Interactive Testing
Interactive Testing
For rapid prototyping and visual experimentation, Udility Diffuser is best experienced through a Jupyter Notebook or Google Colab environment. This allows you to generate, render, and refine educational illustrations in an iterative workflow.
Using the Google Colab Notebook
The easiest way to start testing is by using the pre-configured Colab environment. This environment handles all system dependencies (like Cairo) automatically.
- Open the Udility Diffuser Colab Notebook.
- Add your
OPENROUTER_API_KEYto the environment variables or the designated setup cell. - Run the cells sequentially to initialize the
diffusermodule.
Local Notebook Testing
If you are testing locally using Udility.ipynb or your own notebook, ensure you have the necessary system libraries installed for SVG rendering (e.g., libcairo2 on Linux or cairo via Homebrew on macOS).
1. Setup Environment
First, install the package and configure your API credentials within a notebook cell:
!pip install Udility
import os
# Replace with your actual key
os.environ['OPENROUTER_API_KEY'] = 'your_api_key_here'
2. Rapid Prototyping Workflow
The diffuser module provides a high-level function generate_image_from_text() that handles the entire pipeline: text analysis, SVG generation, conversion, and inline display using matplotlib.

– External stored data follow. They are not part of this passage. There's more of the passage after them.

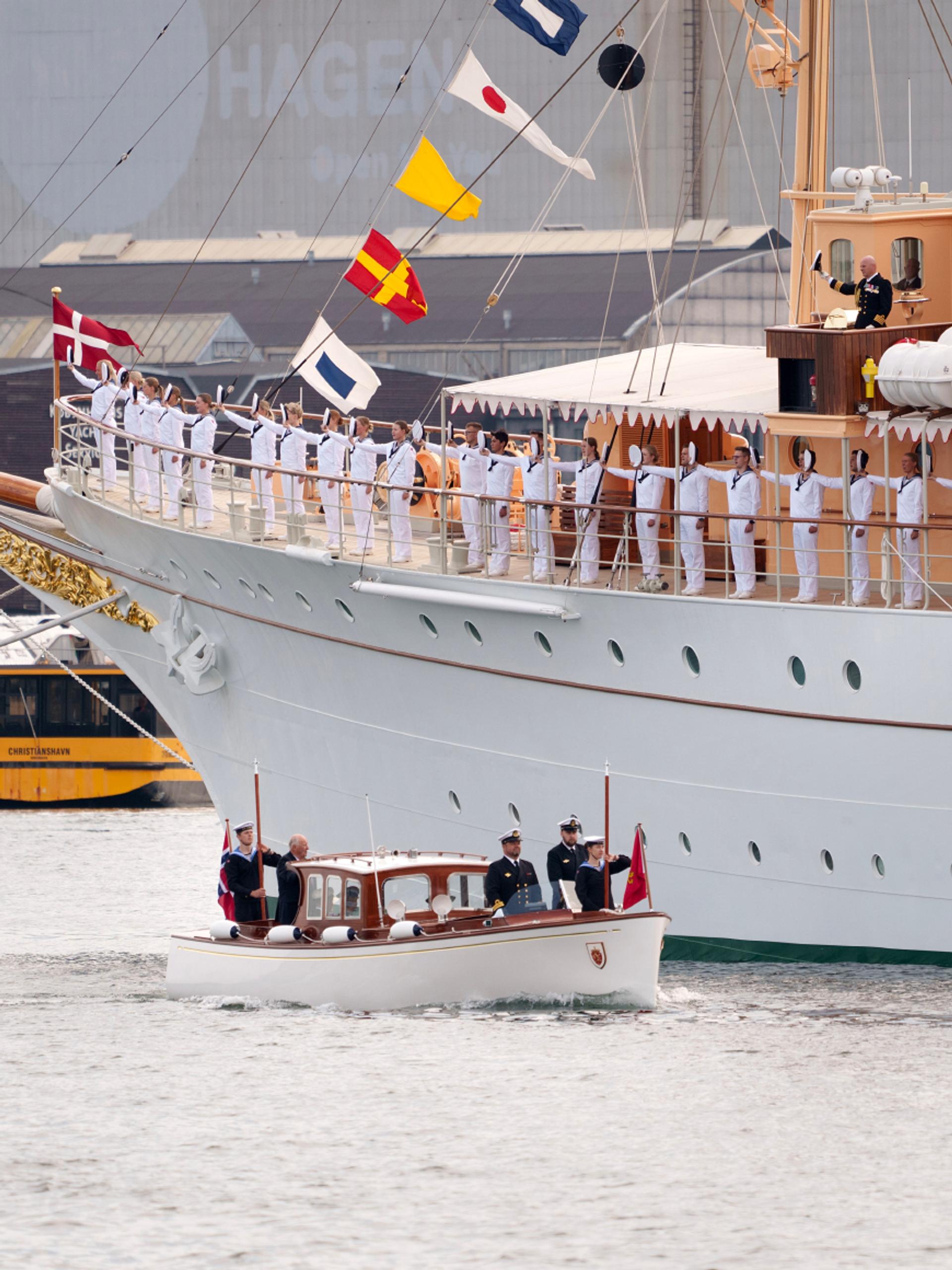 Etter middagen, vil Kongeparet og Deres Kongelige Høyheter Kronprins Frederik og Kronprinsesse Mary gå om bord i henholdsvis Kongeskipet Norge og Kongeskipet Dannebrog og sette kursen mot Århus der programmet fortsetter i morgen.
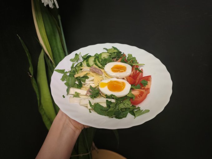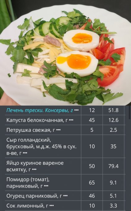 | Салат: помидор, огурец, петрушка |
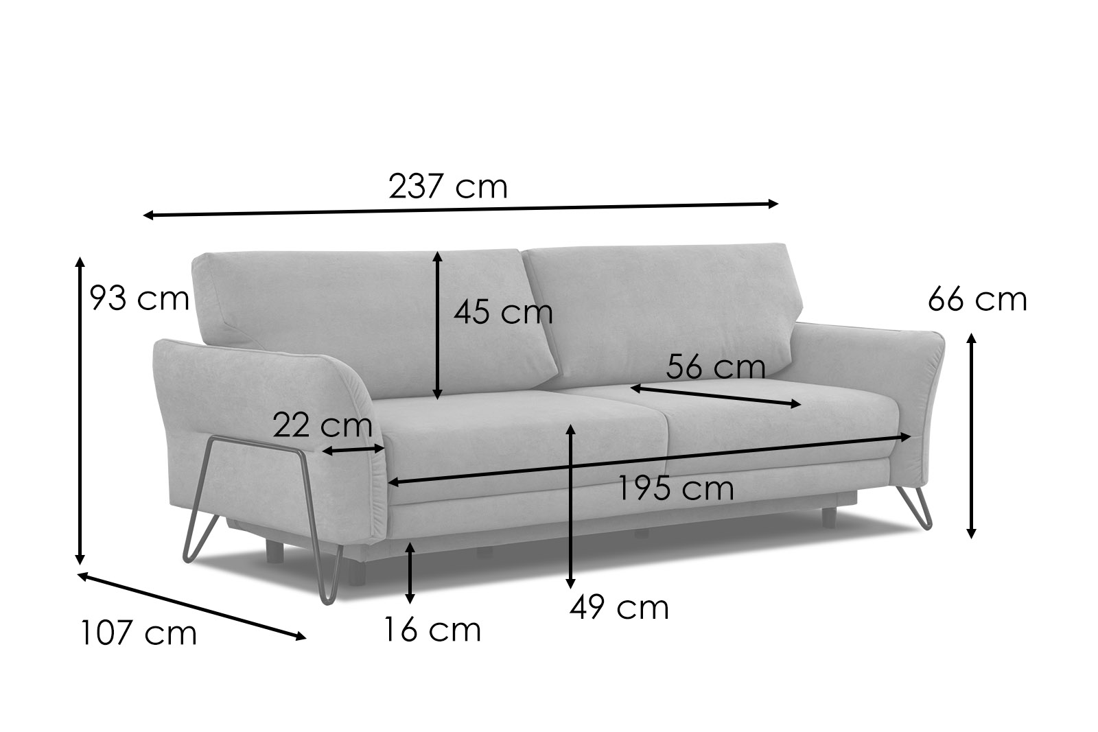 Voici un canapé exceptionnellement confortable et élégant qui s'intègre parfaitement à tout intérieur moderne. Doté d'une fonction convertible, il offre une grande surface de couchage pour deux personnes, idéale pour un usage quotidien ou pour accueillir des invités. De plus, avec son coffre de rangement intégré pour la literie, il offre un espace pratique pour stocker couvertures et oreillers, ce qui est très utile pour optimiser l'espace dans la maison. LOREM se distingue par son design moderne et industriel, qui ajoute du caractère à n'importe quelle pièce. Ses pieds métalliques non seulement ajoutent de la légèreté, mais confèrent également au canapé une élégance et un style uniques. Ainsi, LOREM n'est pas seulement un meuble, mais aussi un véritable élément de design pour votre salon ou votre chambre d'amis. LOREM n'est pas seulement un meuble, c'est aussi une manifestation de fonctionnalité et de style que vous ne pouvez pas ignorer. Offrez à votre maison une touche unique avec LOREM ! Dimensions: Longueur 237 cm Profondeur: 107 cm Hauteur: 93 cm Profondeur d’assise: 56 cm Dimensions de couchage: 193 cm x 147 cm
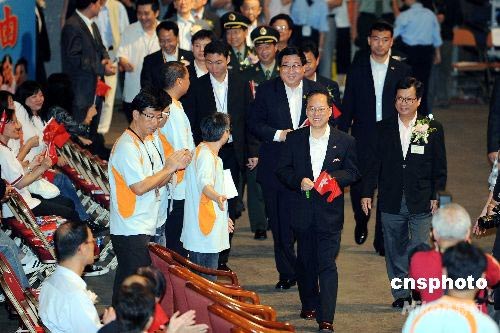 七月一日,香港回归祖国十一周年纪念日,香港各界庆典委员会在香港体育馆举行盛大综合文艺汇演,表达对汶川大地震灾后重建、庆祝香港回归及北京奥运的支持。特区行政长官曾荫权、中联办主任高祀仁等嘉宾出席,并与现场数万观众共同欢庆。中新社发 洪少葵 摄
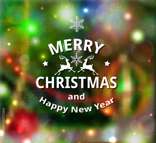christmas, holiday, festive, winter, blurred, december, snow, snowflake, cervid, reindeer, tree, fir, pine, green, festival, background, card, greeting, design, decorative, new year, vector, white, season, lettering, text, typography, congratulation, snowfall, shining, decoration, bauble, ball, light
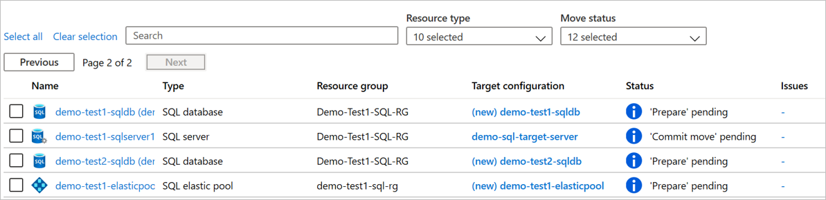 在“跨区域”中,选择 SQL 资源,然后选择“提交移动”。

from Udility import diffuser
# Test with a specific educational prompt
diffuser.generate_image_from_text("A diagram showing the parts of a plant cell.")
3. Granular Testing
For more control during testing, you can break down the process into individual steps. This is useful for debugging the logic of the generated SVG before it is rendered.
| Function | Input | Output | Purpose |
| :--- | :--- | :--- | :--- |
| get_detailed_instructions | str (Prompt) | str (Instructions) | Tests how Llama interprets your prompt. |
| generate_svg_from_instructions | str (Instructions) | str (SVG Code) | Tests the raw SVG code generation. |
| svg_to_png | str (SVG Code) | file (PNG) | Tests the rendering engine. |
| display_image | str (Path) | plot | Displays the final result in the notebook. |
Example of step-by-step testing:
from Udility import diffuser
prompt = "Phases of the moon diagram"
# 1. Inspect the logic
instructions = diffuser.get_detailed_instructions(prompt)

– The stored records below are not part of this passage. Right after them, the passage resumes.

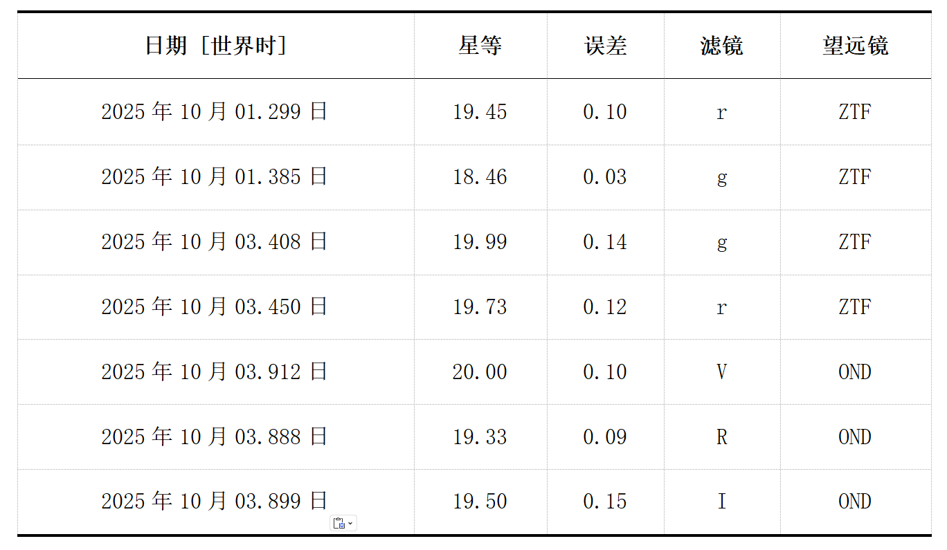 这些再发新星爆发的发现促使我们检查M33的历史图像,以搜寻更多的爆发事件。或许并不出人意料,在近期爆发的位置附近,我们在PTF于世界时2011年10月8.172日拍摄的M33历史图像中发现了一颗此前未知的新星。这次早期爆发的日期约在2021年爆发前10年,是最近两次爆发间隔4.1年的两倍多。如比对图面板2所示,这颗新发现的新星(我们将其命名为M33N 2011-10a)确实与最近的两颗新星在空间位置上重合。总而言之,新发现的M33再发新星系统M33N 2011-10a现在有三次已知的爆发,目前正在对M33的历史数据进行进一步搜寻。最后,我们报告近期爆发(M33N 2025-10a)的以下亮度,这些数据由ZTF和昂德列约夫0.65米望远镜(OND)测量得到:
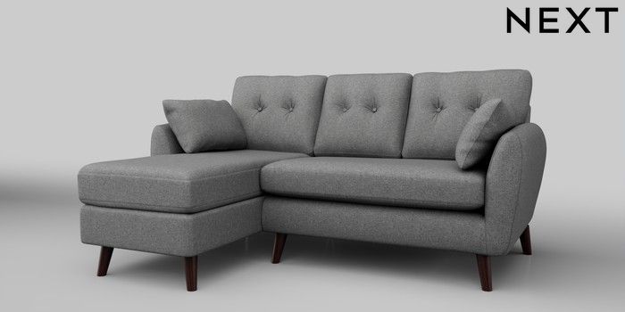 6.12.1 Buy Wilson Buttoned Back Small Sofa Chaise - Left Hand Chunky Weave Mid Grey Retro Tapered - Dark Brown from the Next UK online shop Click here to use our accessible website
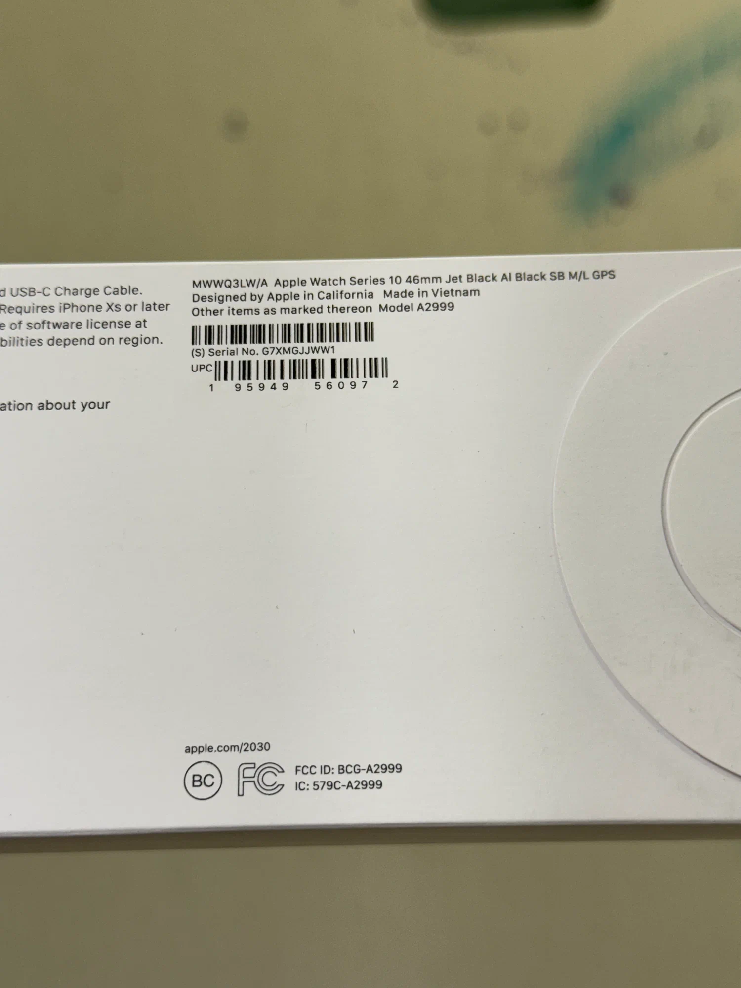 Часы Apple Watch Series 10, 46 мм, корпус из алюминия цвета «чёрный оникс», спортивный ремешок чёрного цвета, размер M/L (MWWQ3)

print(f"Instructions: {instructions}")
# 2. Inspect the raw SVG
svg_code = diffuser.generate_svg_from_instructions(instructions)
print(f"Raw SVG: {svg_code}")
# 3. Render and Display
diffuser.svg_to_png(svg_code, 'test_output.png')
diffuser.display_image('test_output.png')
Tips for Effective Testing
- Prompt Specificity: Since Udility Diffuser uses SVG scripting, prompts that describe spatial relationships (e.g., "A graph with X and Y axes") yield the most accurate results.
- API Limits: Interactive testing relies on OpenRouter. Ensure your API key is active and has sufficient credits (though many Llama 3.5 models are available for free through specific providers).
- Kernel Restarts: If you update the
Udilitypackage, remember to restart your notebook kernel to load the latest changes.